Fort Mill Times

Art now one of the programs at Fort Mill’s Boys & Girls Club

Local children celebrate the opening of a new Boys & Girls Club art program at the Springfield Elementary School facility in Fort Mill last week.
Local children celebrate the opening of a new Boys & Girls Club art program at the Springfield Elementary School facility in Fort Mill last week.

A host of petite Picassos are showcasing their artistic flair at the Boys & Girls Club’s Fort Mill chapter, thanks to funding from a local donor.

Tega Cay resident Jim Harper of Harper Corporation in Charlotte and the owners of Chelsea and Savannah, a Fort Mill art studio, have teamed up with the Boys & Girls Club to provide area children – many from low-income households – with a creative outlet twice a week in the form of art classes taught by the studio team.

“Kids need more than just always a structural environment. They need to learn to think outside the box,” said Harper, a third-generation Harper Corporation executive.

Harper’s wife, Heather, agreed.

“(The arts) not only enriches their lives, but it teaches creative thinking skills, which gives us more well-rounded citizens ready to enter the workforce,” she said.

Chelsea and Savannah – the moniker comes from its two owners’ backgrounds – Tracey Hartzog, of the Chelsea College of Arts in London and Rachel Ohls, a graduate of the Savannah College of Art and Design – opened in Springfield Town Center last summer. Chelsea and Savannah teachers work with students at the Fort Mill Boys & Girls Club location at Springfield Elementary School on a variety of art-related topics – everything from drawing and painting to photography and fashion design.

Tony Ballard, a fourth-grader at Fort Mill Elementary, designed an outfit for “Project FUNway,” a knock-off of the TV show “Project Runway.”

“It’s really fun,” Tony said. “On my shirt I have polka dots.”

Zhyonna Henderson, a third-grader at Riverview Elementary showed off one of her paintings on display, but said photography is the part she enjoys most about the program.

The students have blossomed in the program and taken to their own artistic interests, Hartzog said.

“(The children) have a real distinctive vision of what they want to make,” she said. “Not everyone is great at drawing, but not all great artists are great at drawing.”

Hartzog said both she and Ohls come from a background in nonprofit work, so the partnership with the Boys & Girls Club was a natural.

“We really thought we were a great fit.
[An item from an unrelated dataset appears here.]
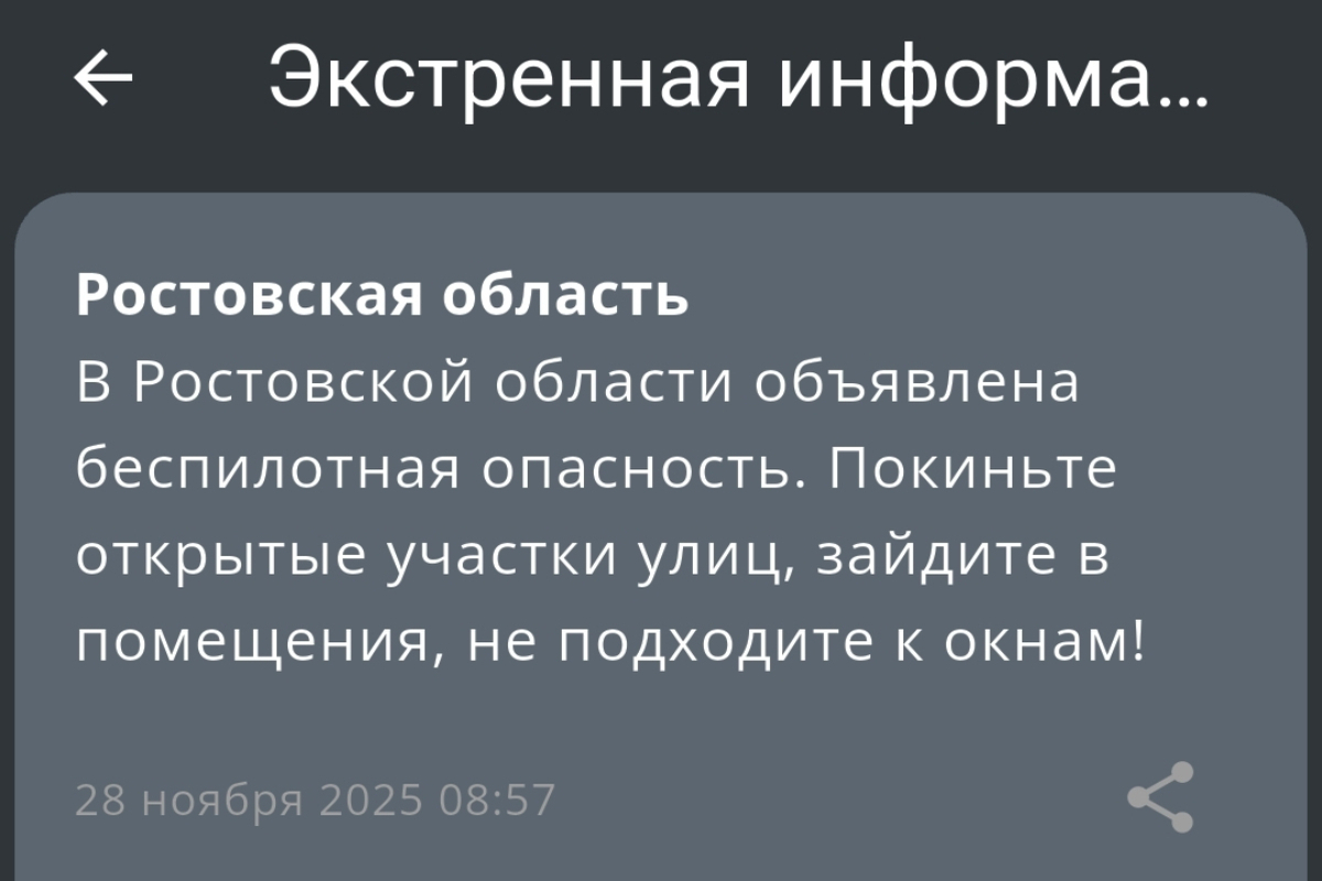 На Дону утром 28 ноября объявили беспилотную опасность. Уведомление от Единой государственной системы предупреждения и ликвидации ЧС поступило примерно в 9:00.

We want to be a part of the community,” she said. “We want to be involved in the community, as well as being a business.”

Harper said he hopes the program will expand in the future to include the other Boys & Girls Clubs in York County.

Officials with the nonprofit are on board with the idea.

“Hopefully if we can twist (Harper’s) arm a little bit, we can reproduce this in other clubs,” said Sara Blancke, director of development and marketing. “For a lot of the kids, they don’t have a lot to be excited about.”

For Harper, his vision is for the STEM programs in schools – an initiative to enhance science, technology, engineering and math instruction – will expand to include the arts as well.

“Because without the arts, none of the other things exist,” he said.